**What you should do**
Retype the whole listing below exactly, keeping every picture out of it.

**Raw data**
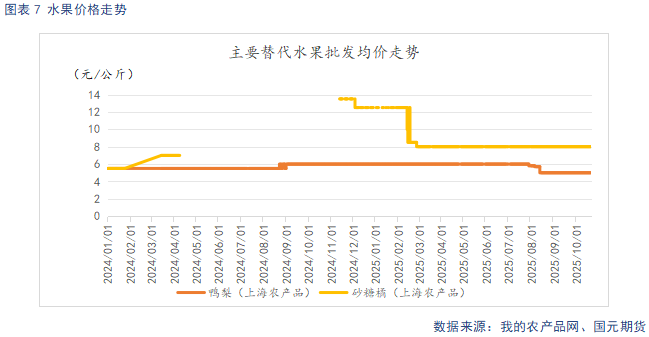 随着社会发展水平的提高,居民对水果品类的选择日趋多样化,稀释了苹果单品消费的能力。而苹果受时令水果的替代性较强。其中柑橘类、梨的生长周期与苹果相近,和苹果的替代关系最强。截至10月21日,上海农产品市场鸭梨批发均价为5元/公斤,较上周环比持平。上海农产品市场砂糖橘批发均价为8元/公斤,较上周环比持平。夏季水果基本退市,秋冬季水果陆续上市。受今年北方气候的不利影响,梨类遇到类似苹果的情况,好货供应紧张,不过在管理技术提升的背景下,整体产量依然充裕。而柑橘类作为我国产量第一的水果品类,今年延续增长势头。柑橘、梨类的上市期与苹果重合,且同为大宗水果,对苹果消费形成压制。关注柑橘、梨类后续价格走势。
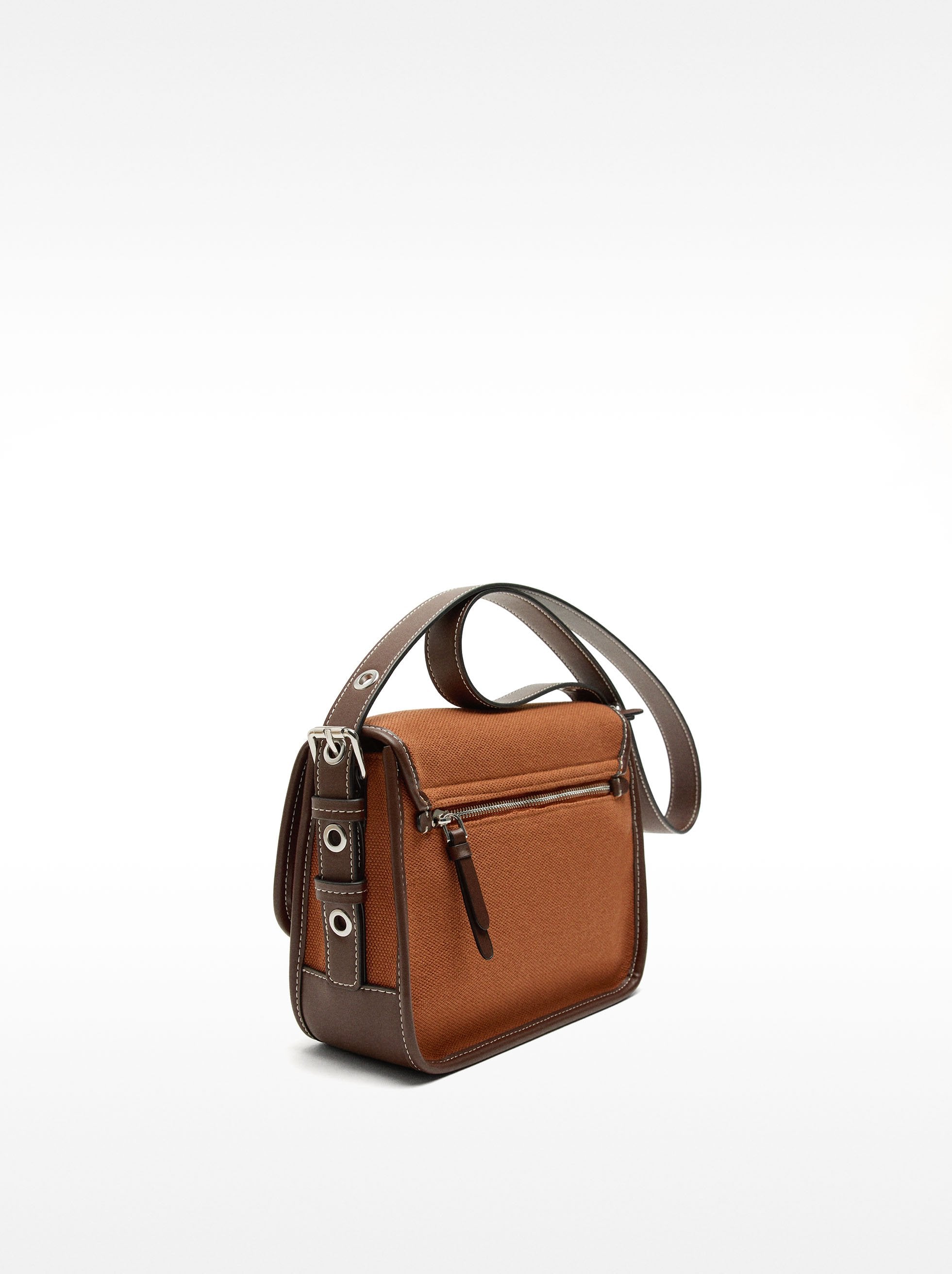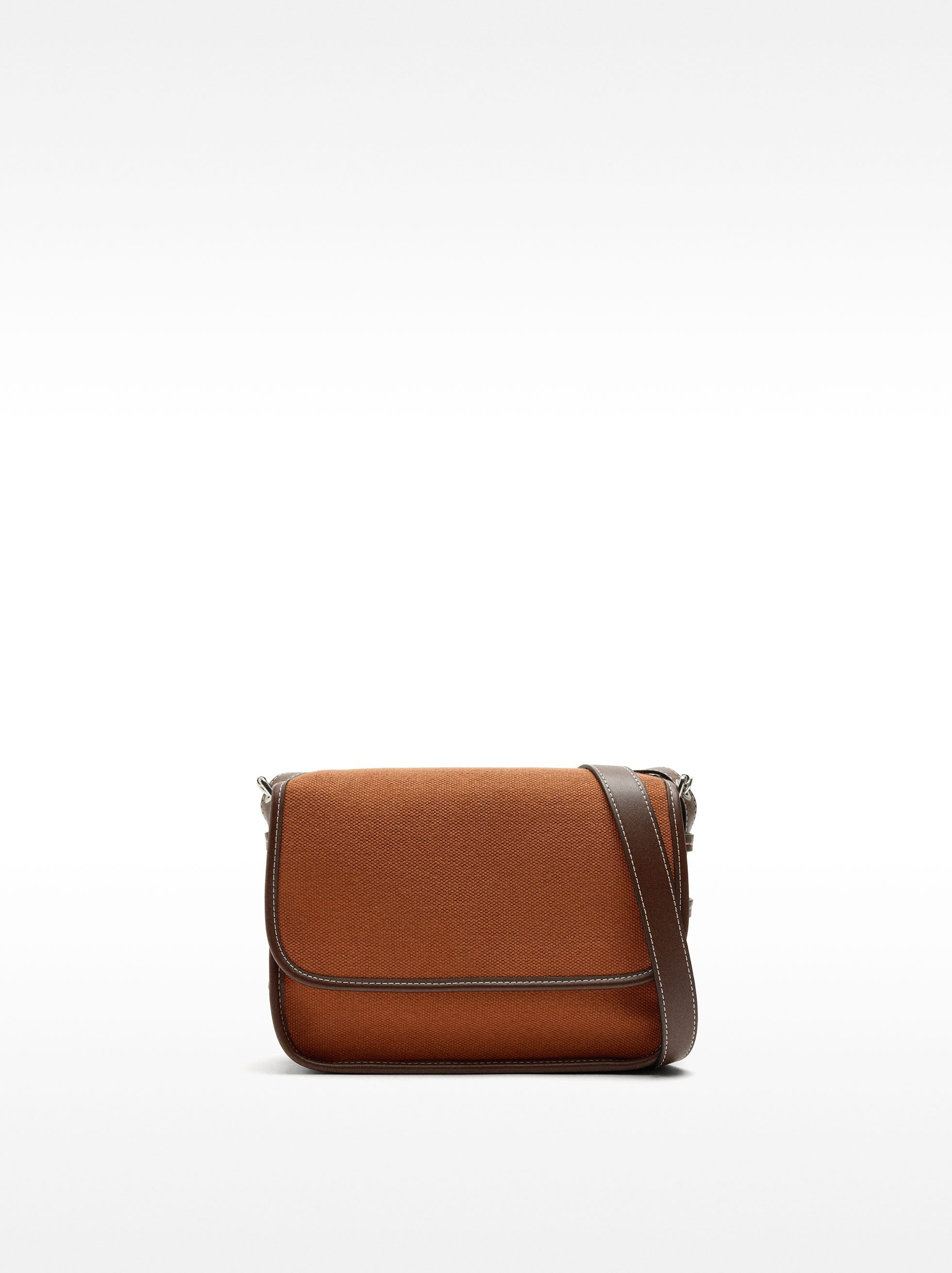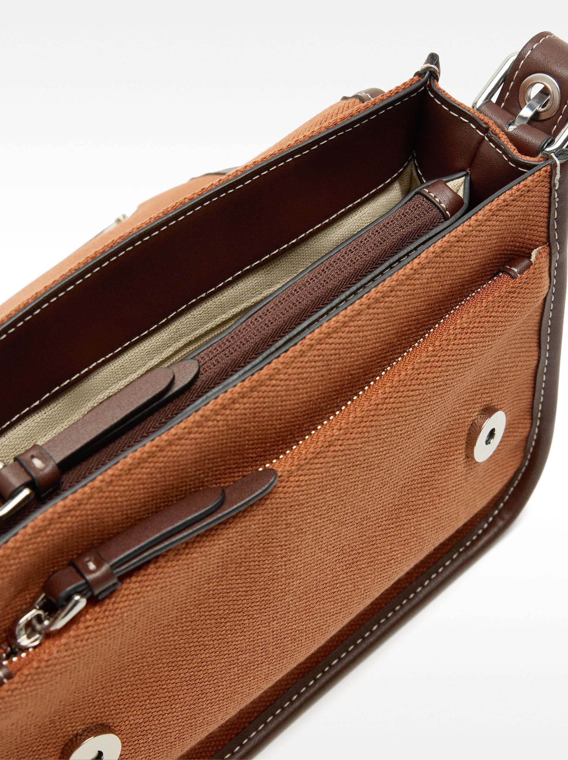 Bolso bandolera de tela. Forro y bolsillo interior. Compartimento con cremallera. Cierre de solapa magnético. Asa regulable.
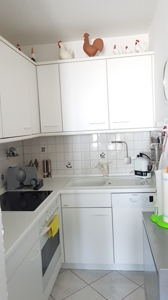 Das Badezimmer ist hell gefliest. Den großen Balkon betreten Sie über das Wohnzimmer und das Schlafzimmer. Eine komplett ausgestattete Küchennische wurde vom offenen Wohnbereich abgetrennt.

**Response area**
 随着社会发展水平的提高,居民对水果品类的选择日趋多样化,稀释了苹果单品消费的能力。而苹果受时令水果的替代性较强。其中柑橘类、梨的生长周期与苹果相近,和苹果的替代关系最强。截至10月21日,上海农产品市场鸭梨批发均价为5元/公斤,较上周环比持平。上海农产品市场砂糖橘批发均价为8元/公斤,较上周环比持平。夏季水果基本退市,秋冬季水果陆续上市。受今年北方气候的不利影响,梨类遇到类似苹果的情况,好货供应紧张,不过在管理技术提升的背景下,整体产量依然充裕。而柑橘类作为我国产量第一的水果品类,今年延续增长势头。柑橘、梨类的上市期与苹果重合,且同为大宗水果,对苹果消费形成压制。关注柑橘、梨类后续价格走势。
 Bolso bandolera de tela. Forro y bolsillo interior. Compartimento con cremallera. Cierre de solapa magnético. Asa regulable.
 Das Badezimmer ist hell gefliest. Den großen Balkon betreten Sie über das Wohnzimmer und das Schlafzimmer. Eine komplett ausgestattete Küchennische wurde vom offenen Wohnbereich abgetrennt.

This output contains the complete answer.